I've zoomed in the frequency axis so we can see a little bit more detail: I'm just plotting it up to 3 kHz.
I'm going to increase the fundamental frequency of the excitation.
I'd like you to watch, first of all, what happens to the magnitude spectrum of the excitation itself.
Just watch this corner.
That behaves as expected.
We have harmonics spaced at the fundamental frequency and all integer multiples of that.
So, as the fundamental frequency goes up, those harmonics get more widely spaced.
I'm going to vary F0 again now, but this time I want you to look at the magnitude spectrum of the speech.
I'm decreasing F0.
What do we see?
Well we saw those harmonics getting closer and closer together because they're multiples of the fundamental frequency.
But the envelope remains constant because that's determined by the filter.
If you're watching really closely, you might have seen the absolute level of this go up and down a small amount.
That's simply because the amount of energy in the excitation signal varies with more and more impulses per second.
That's not important here.
It's the way that these two magnitude spectra combine that we're trying to understand.
So I'll just vary F0 a few more times and have a look at the different magnitude spectra and try and understand how this and this combine to make this.

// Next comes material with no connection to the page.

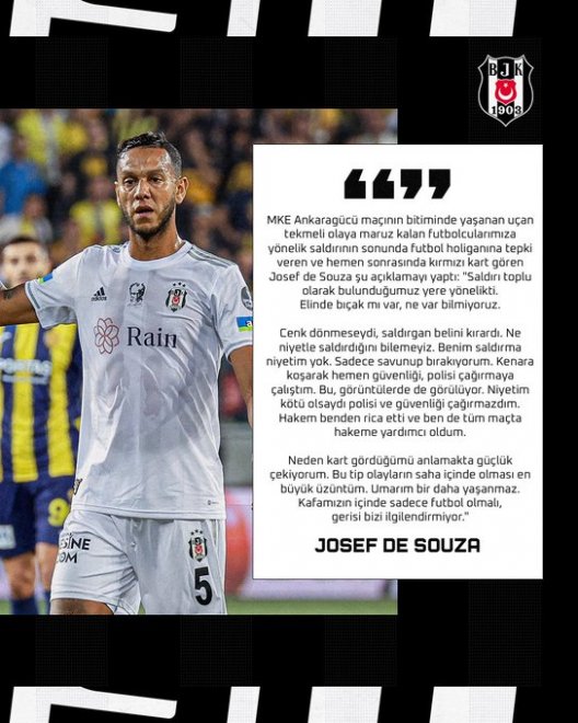 Duyguların ön plana çıktığı anlar yaşandı. Maçtan sonra Josef neden kırmızı kart gördü, anlamıyorum. Josef arkadaşlarını korumaya çalışıyordu. Taraftarın saldırısı, sonrasında Josef’in arkadaşlarını korumaya çalışırken kırmızı kart görmesi kabul edilemez. Rakibimizle Vodafone Park’ta da karşılaşacağız. O maçta taraftarlarımız bizimle olacak. Diğer konuları kendi içimizde konuşuruz ama bugün esas konu, bir taraftarın sahaya girerek oyuncularıma saldırması.”

Increasing F0 ... and decreasing F0.
One more time: increasing it again.
Let's try something else.
Let's keep the excitation fixed and then let's vary the filter.
That's a different filter ... and that's another one.
I'll do that a few more times.
Look at the magnitude spectrum of the output and see what varies there.
Only the filter is changing.
The excitation is constant.
So, this time, the harmonic structure remained the same and the envelope followed that of the filter.
We're getting a pretty good understanding, then, of how these two things combine to make the spectrum of the output.
The two waveforms combine using convolution in the time domain.
The Fourier transform converts convolution into multiplication.
That means that the source and the filter can be combined by multiplying their magnitude spectra.
That's something we mentioned in passing back when we were talking about the source-filter model.
But we should be a bit more careful.
Look very closely at the axes on the plots of the magnitude spectrum.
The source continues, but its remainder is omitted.